Guido Nius 01.31.12 at 4:07 pm
OK, US/UK it is but I see you all got how continental Europeans are using “Anglo-Saxon” in non-medieval contexts. Anyway, to judge from the current debate, Rumsfeld was right all along: the problem is with Old Europe. Maybe over time we will have the best of both worlds: a more European model in the US/UK and offload the US/UK model to all these bloody boring Europeans who love their red tape.
Sebastian 01.31.12 at 4:09 pm
“Probably true, but then, if I followed the logic correctly, we are screwed: without higher inflation target, the peripheral countries of the Eurozone will go under, and Germany does not want higher inflation target so…”

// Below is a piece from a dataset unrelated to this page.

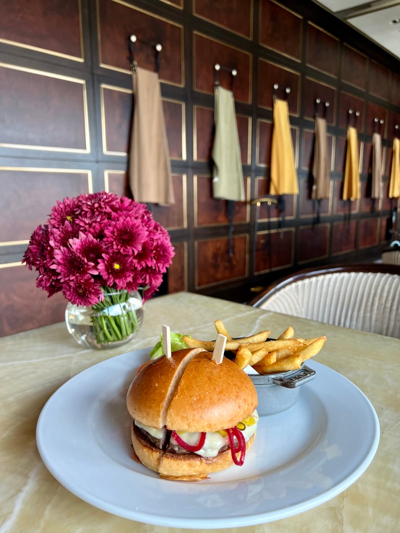 Our lunch was a true culinary symphony, elevated by a breathtaking view. The promise of a varied and enticing menu seduced us. We were tempted by the Set lunch, starting our gastronomic escape with a Caesar salad, eternally chic and timeless, and a tuna tataki with exotic notes of mango, avocado, and gochujang, a bold marriage of flavors. We then opted for modern takes on steakhouse classics: a wagyu beef burger with spicy tomato jam, Emmental, pickles, brioche bun, accompanied by irresistibly crispy fries, and a fish & chips, all executed to perfection. The finale, a revisited rum baba with notes of citrus, spiced rum, pineapple, and coconut whipped cream, was an ode to indulgence. Each bite was a true pleasure, and we were won over by our lunch!

This is the crux of the problem. For all the talk about political constraints I see two important ones that d-squared seems to be passing over.

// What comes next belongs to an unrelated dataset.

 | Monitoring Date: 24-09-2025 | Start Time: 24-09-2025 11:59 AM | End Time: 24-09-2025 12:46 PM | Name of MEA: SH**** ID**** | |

1. The inflation target. How are Spain and Italy ever going to have enough growth without a more realistic inflation target? But Germany has no political situation that I can see where they will allow the inflation target to get to 3% much less the 4% that is probably needed. Italy is never going to make it with an overvalued currency, low growth and tightwad inflation tactics. It has already had the fiscal tightening that is demanded of Greece. It has been doing that for the last ten years. Its growth hasn’t even flirted with the 2% that you think would be strictly necessary to get anywhere.
2. Transfers. You insist that they are necessary, and you are right. But you suggest that because it is so obvious that they are necessary, that must be what everyone is working toward? Ridiculous. Why in the world should we believe that the highly insulated technocrats are working toward that? The political constraints around the transfers are *even bigger than those around the inflation target*. Do you see much evidence that the inflation target is going to be 4%? Even 3% for about 5 years? Didn’t think so. So why do you think that they’re working against the really hard political constraint when they will barely touch the easier one?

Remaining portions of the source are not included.